Saturday, February 4, 2012

Joshua 1-12: The Rightful Owner

Psalm 24:1 declares, "The Earth is the Lord's, and all the fullness thereof, the world and those who dwell within."

Allow me to introduce you to Queen Annabelle Eloise Burns and her court.

Basically, we serve her every need.  Hence our existence.  At least that's how she sees it.
Her highness lives a hard life.  She owns a house and has to keep up with her servants all day, thus exhausting her.  She ends her day by playing for about 45 minutes then taking a nap on her large couch.  Of course, she also owns the front and back yards as well.  She defends it from countless, relentlessly vicious foes like squirrels, rabbits, and cats.

Her highness after a long day of ruling the house.
Queen Ellie clearly owns this house.  But does she really?  I'm pretty sure she doesn't pay the mortgage.  Nor did she build it.  Nor does she mow the yard or tend the flowerbeds.  Though Ellie thinks that she owns it, in reality she has no claim.

The same is true of the peoples whom Joshua conquered.  In Joshua 1:10-11 the author recounts the scene as Joshua gives his orders, "...command the people, 'prepare your provision, for within three days you are to pass over this Jordan to go in to take possession of the land the Lord is giving you to possess.'"  Later, in chapter 6, the city of Jericho falls, becoming the first of many peoples to fall before the armies of the Lord.
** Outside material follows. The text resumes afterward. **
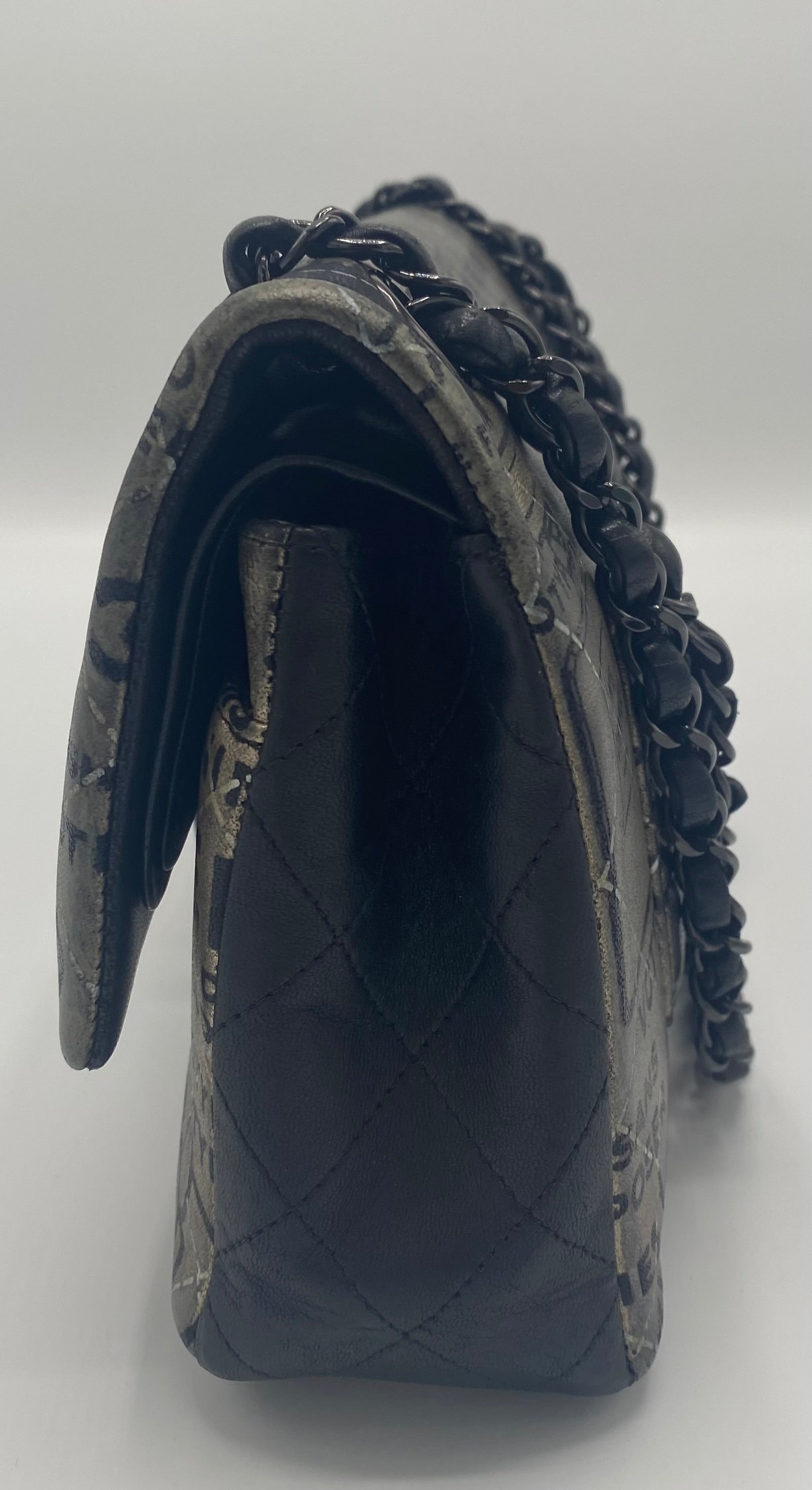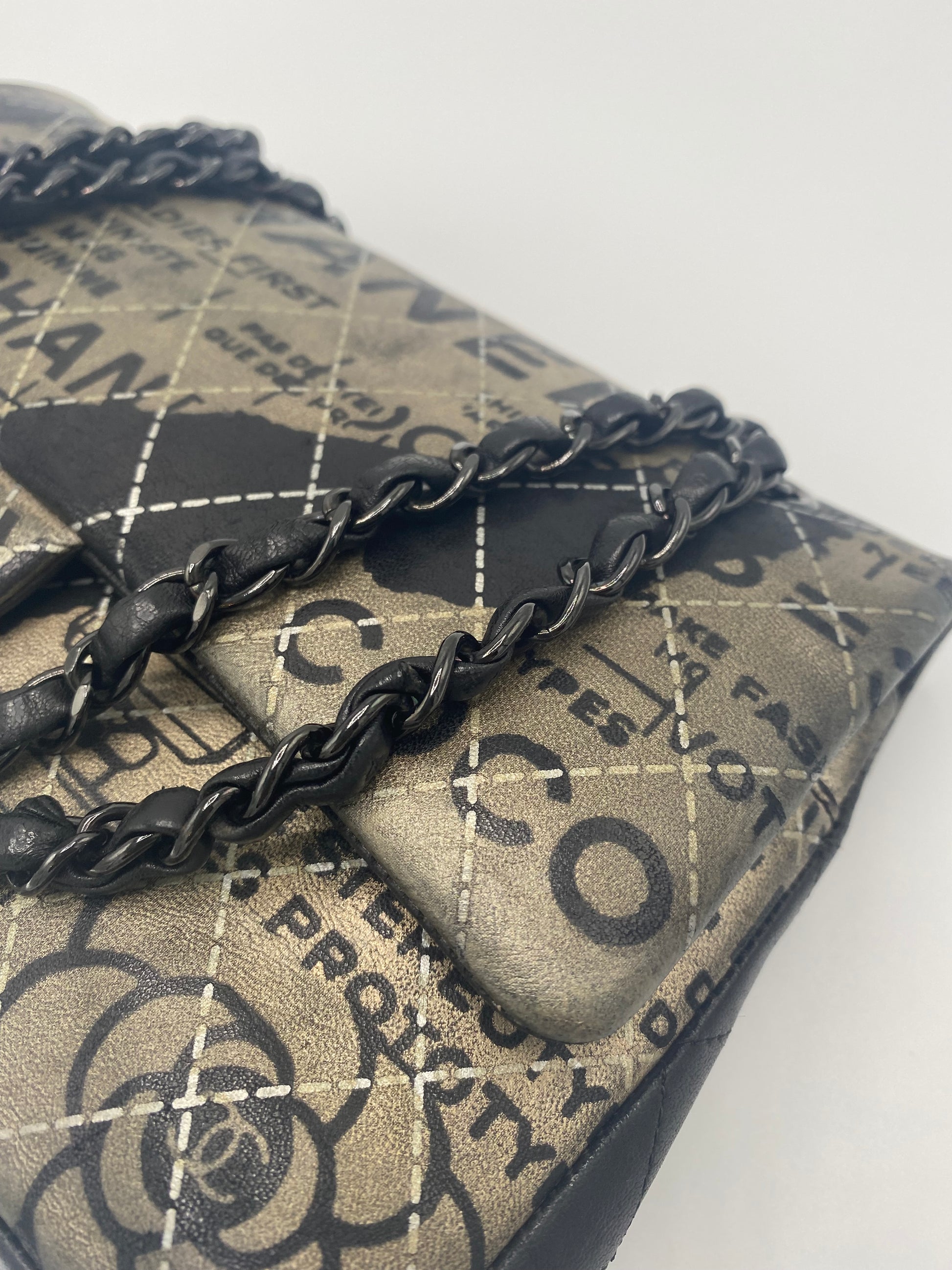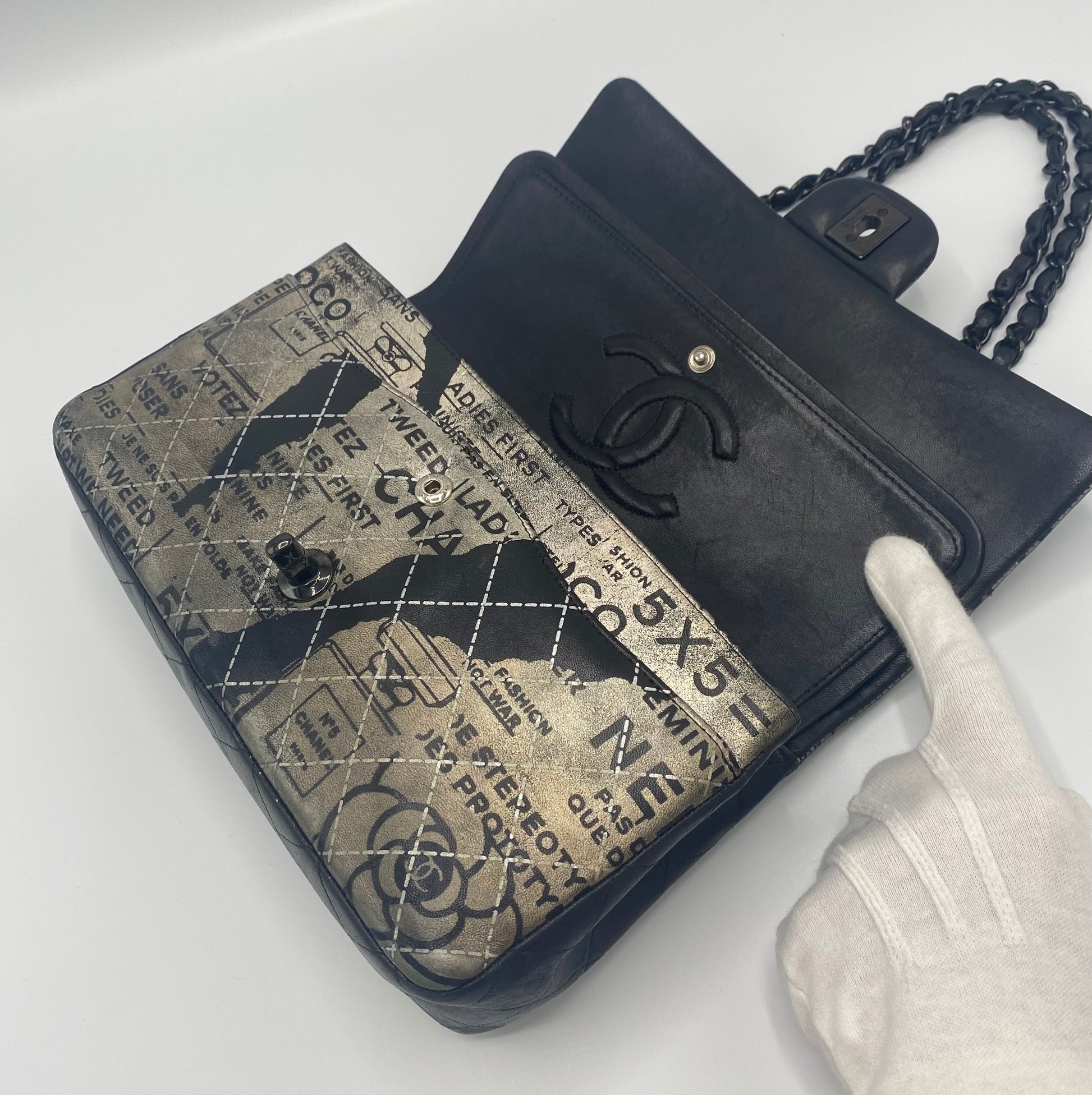 CHANEL 2015 GRAFFITI NEWSPAPER MEDIUM CLASSIC DOUBLE FLAP BAG SO BLACK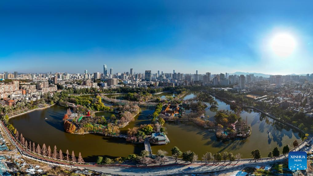 An aerial drone photo taken on Jan. 13, 2026 shows a view of Cuihu Lake in Kunming, southwest China's Yunnan Province. Cuihu Lake is both a signature landscape of Kunming and a testament to the city's memories, surrounded by historical legacies such as the former sites of the National Southwestern Associated University and Yunnan Military Academy.

Putting this in context is essential to understanding the text.  First, these people had been given many chances to repent over the course of history (see Noah and the Flood, Sodom and Gomorrah, etc).  Second, they were possessing a land that was purposed for another people - the covenant people of God.  Those who looked to Yahweh, even a prostitute such as Rahab, were spared.  The fact of the matter is that it was never about the land, it was about a people whose hearts were turned towards Yahweh.  This seen further when the anger of Yahweh burned against his own people in Chapter 7.  Why?  Because Achan had disregarded the things of the Lord, and his heart had turned away.  The result is Israel's stunning defeat at Ai (more on this incident next time).  The people occupying this land, with the notable exception of Rahab, had no desire to serve Yahweh and therefore could not be a part of his people.

In many ways we are just like Ellie and consequently just like those from whom Joshua took the Promised Land.  By nature, we are those who are living on the Lord's land and claiming it as our own.  Just like Ellie thinks she rules the house, but in fact does not, we often think we rule our possessions, our time, and our money.  Just like the Lord could see fit to do with the land of Jericho as he pleases, so he can do with our possessions and our lives.  The essence of the matter is that we all have blind spots in which we fail to recognize the sovereign rule of God.  In what areas are you ruling where you should be submitting?  Your family?  Your house?  Your job?  Your money?  Your marriage?  Your singleness?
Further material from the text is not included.